═══ Dataset extract

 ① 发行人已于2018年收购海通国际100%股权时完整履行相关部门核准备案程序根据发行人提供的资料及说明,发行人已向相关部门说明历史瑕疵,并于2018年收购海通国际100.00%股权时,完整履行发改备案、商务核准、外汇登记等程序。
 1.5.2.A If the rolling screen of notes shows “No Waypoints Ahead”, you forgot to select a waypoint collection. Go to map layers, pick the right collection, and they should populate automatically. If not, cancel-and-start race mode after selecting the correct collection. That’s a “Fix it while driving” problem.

══════
═══ Dataset extract

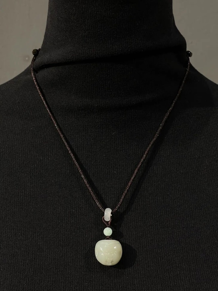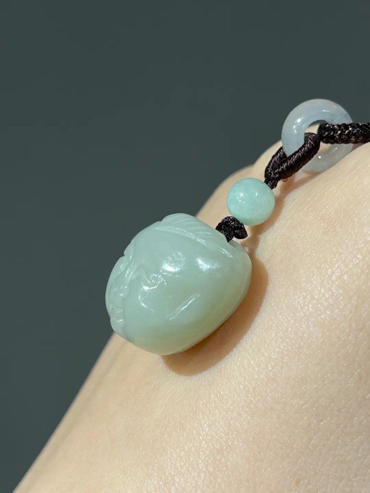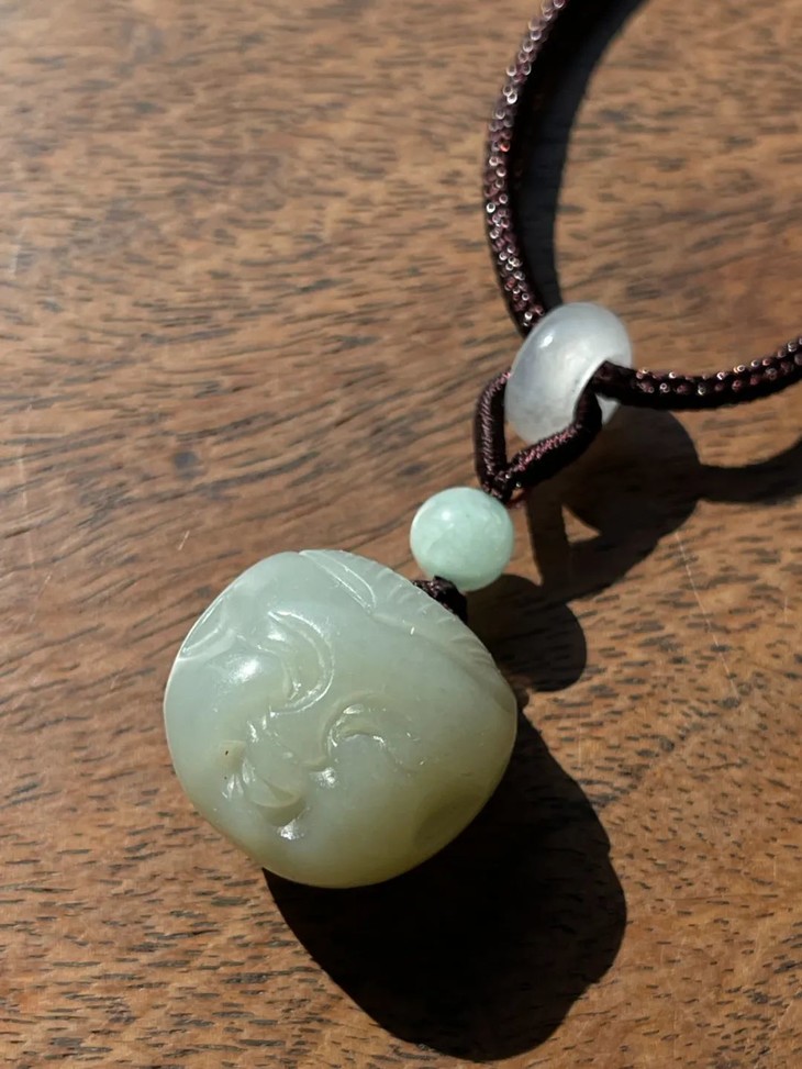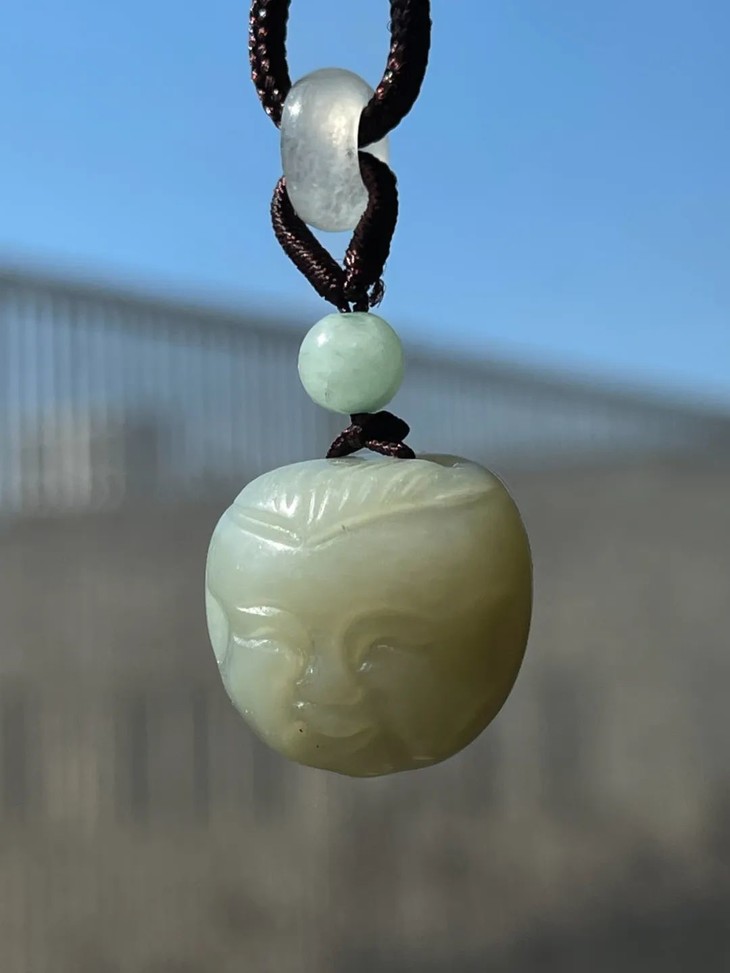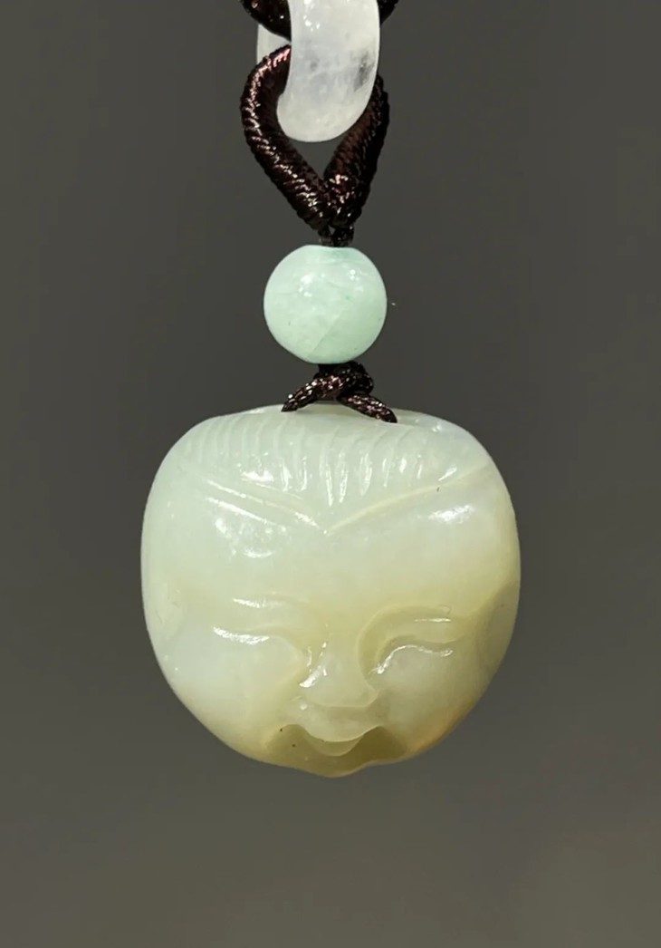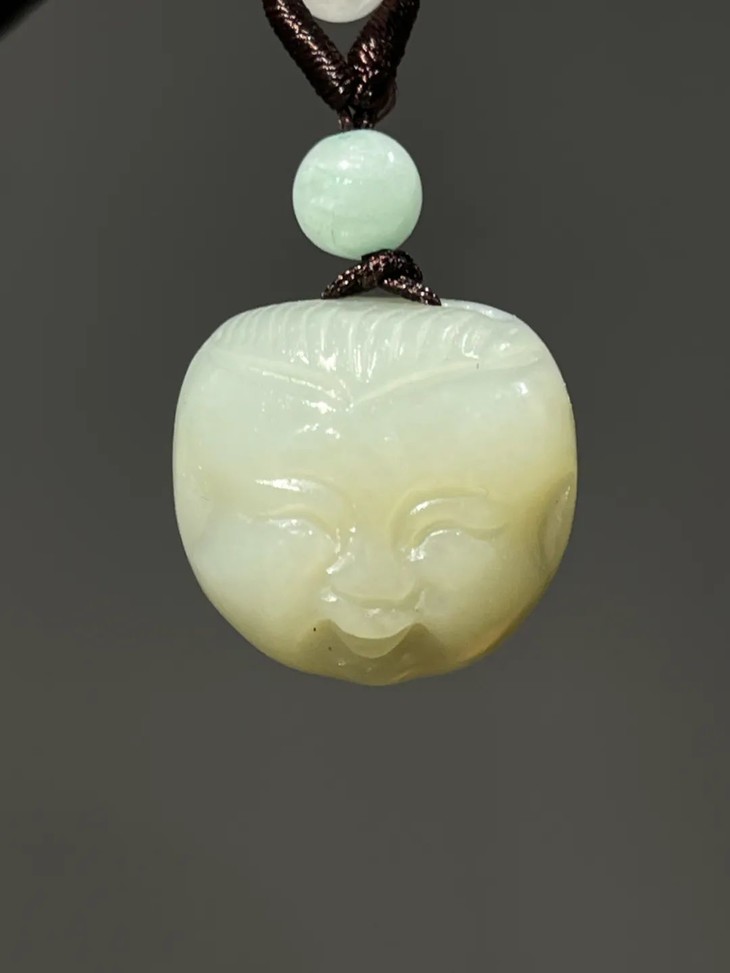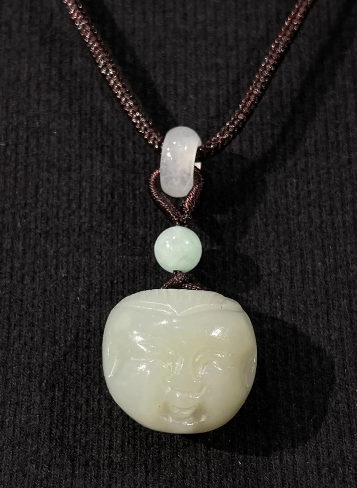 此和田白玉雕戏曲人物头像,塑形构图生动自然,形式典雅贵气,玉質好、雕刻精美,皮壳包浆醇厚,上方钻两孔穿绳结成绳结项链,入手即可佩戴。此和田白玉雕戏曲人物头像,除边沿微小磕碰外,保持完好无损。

══════
═══ Dataset extract

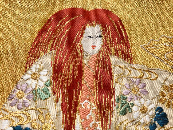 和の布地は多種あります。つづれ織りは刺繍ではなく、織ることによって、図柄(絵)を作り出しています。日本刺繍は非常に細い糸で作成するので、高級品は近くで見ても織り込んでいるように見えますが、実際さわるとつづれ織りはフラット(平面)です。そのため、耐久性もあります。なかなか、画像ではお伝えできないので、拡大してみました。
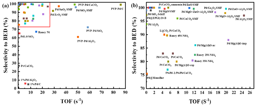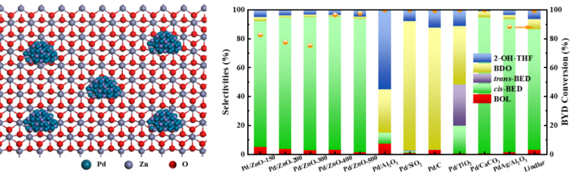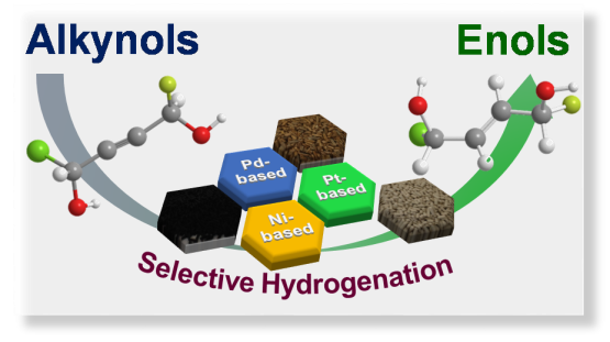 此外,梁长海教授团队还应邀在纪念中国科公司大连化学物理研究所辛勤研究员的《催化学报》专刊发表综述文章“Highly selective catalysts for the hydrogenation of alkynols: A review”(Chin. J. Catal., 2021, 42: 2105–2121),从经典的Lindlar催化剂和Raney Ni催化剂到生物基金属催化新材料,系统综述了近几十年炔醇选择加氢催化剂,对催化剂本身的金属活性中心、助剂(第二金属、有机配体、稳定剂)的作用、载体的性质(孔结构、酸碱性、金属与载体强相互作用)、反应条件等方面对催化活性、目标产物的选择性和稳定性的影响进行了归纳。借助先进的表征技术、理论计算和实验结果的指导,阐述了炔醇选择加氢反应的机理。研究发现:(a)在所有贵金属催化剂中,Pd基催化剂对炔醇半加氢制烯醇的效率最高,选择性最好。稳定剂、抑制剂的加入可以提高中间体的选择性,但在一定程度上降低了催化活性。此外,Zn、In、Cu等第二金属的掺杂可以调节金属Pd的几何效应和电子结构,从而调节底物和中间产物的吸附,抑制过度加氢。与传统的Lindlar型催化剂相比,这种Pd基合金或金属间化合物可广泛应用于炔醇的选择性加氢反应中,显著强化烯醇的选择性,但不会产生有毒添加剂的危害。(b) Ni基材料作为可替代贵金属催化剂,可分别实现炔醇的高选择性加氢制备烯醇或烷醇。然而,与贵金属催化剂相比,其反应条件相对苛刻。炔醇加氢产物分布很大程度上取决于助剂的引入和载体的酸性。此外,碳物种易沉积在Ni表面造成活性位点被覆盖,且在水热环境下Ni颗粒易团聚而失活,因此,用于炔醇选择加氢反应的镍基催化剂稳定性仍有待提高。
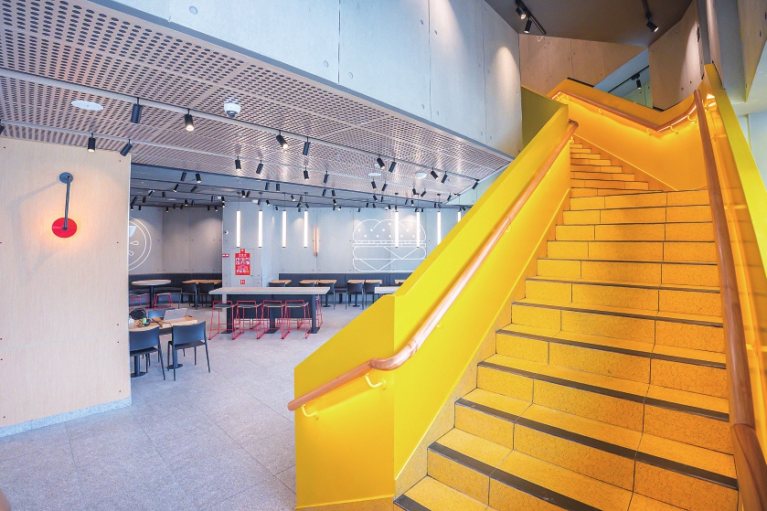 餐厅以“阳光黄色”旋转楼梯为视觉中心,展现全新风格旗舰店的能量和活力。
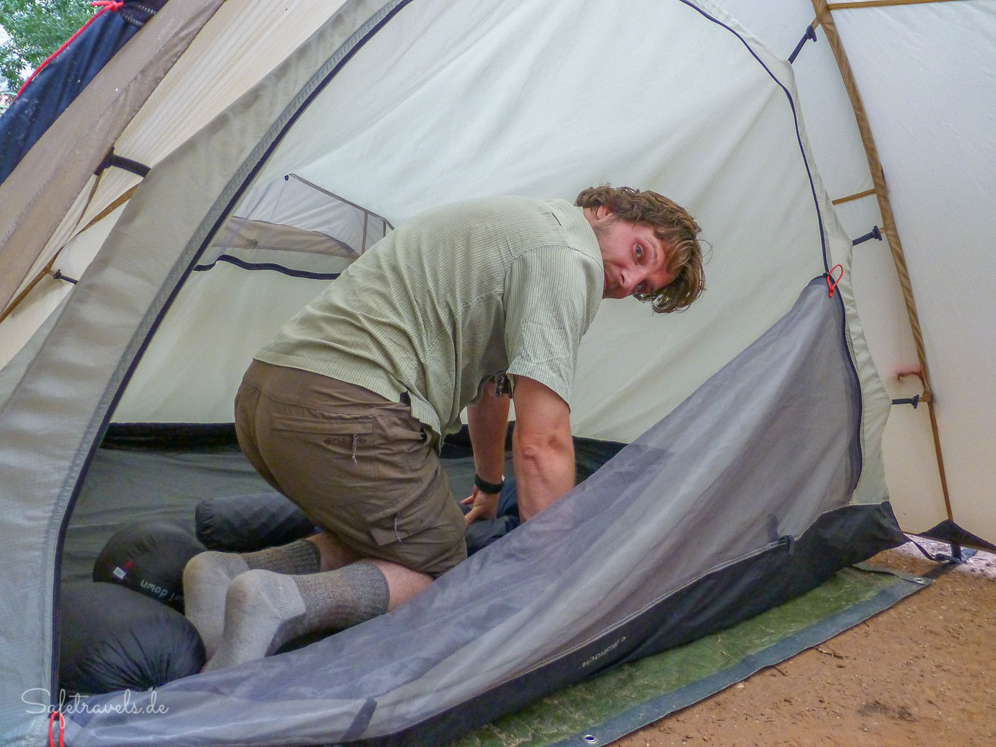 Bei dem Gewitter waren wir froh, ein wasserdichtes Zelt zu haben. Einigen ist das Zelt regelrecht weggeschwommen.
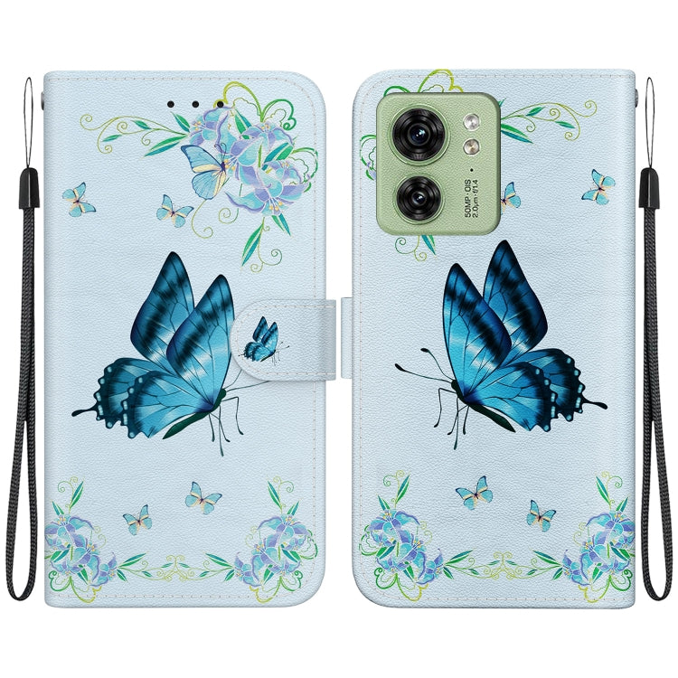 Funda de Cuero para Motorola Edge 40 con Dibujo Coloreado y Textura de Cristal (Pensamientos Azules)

══════

— The problem —
From the listing above, the lines starting with the one that has "① 发行人已于2018年收购" and running through the one that has "1.5.2.A If the" should be copied exactly, ends included.

— The completed task —
 ① 发行人已于2018年收购海通国际100%股权时完整履行相关部门核准备案程序根据发行人提供的资料及说明,发行人已向相关部门说明历史瑕疵,并于2018年收购海通国际100.00%股权时,完整履行发改备案、商务核准、外汇登记等程序。
 1.5.2.A If the rolling screen of notes shows “No Waypoints Ahead”, you forgot to select a waypoint collection. Go to map layers, pick the right collection, and they should populate automatically. If not, cancel-and-start race mode after selecting the correct collection. That’s a “Fix it while driving” problem.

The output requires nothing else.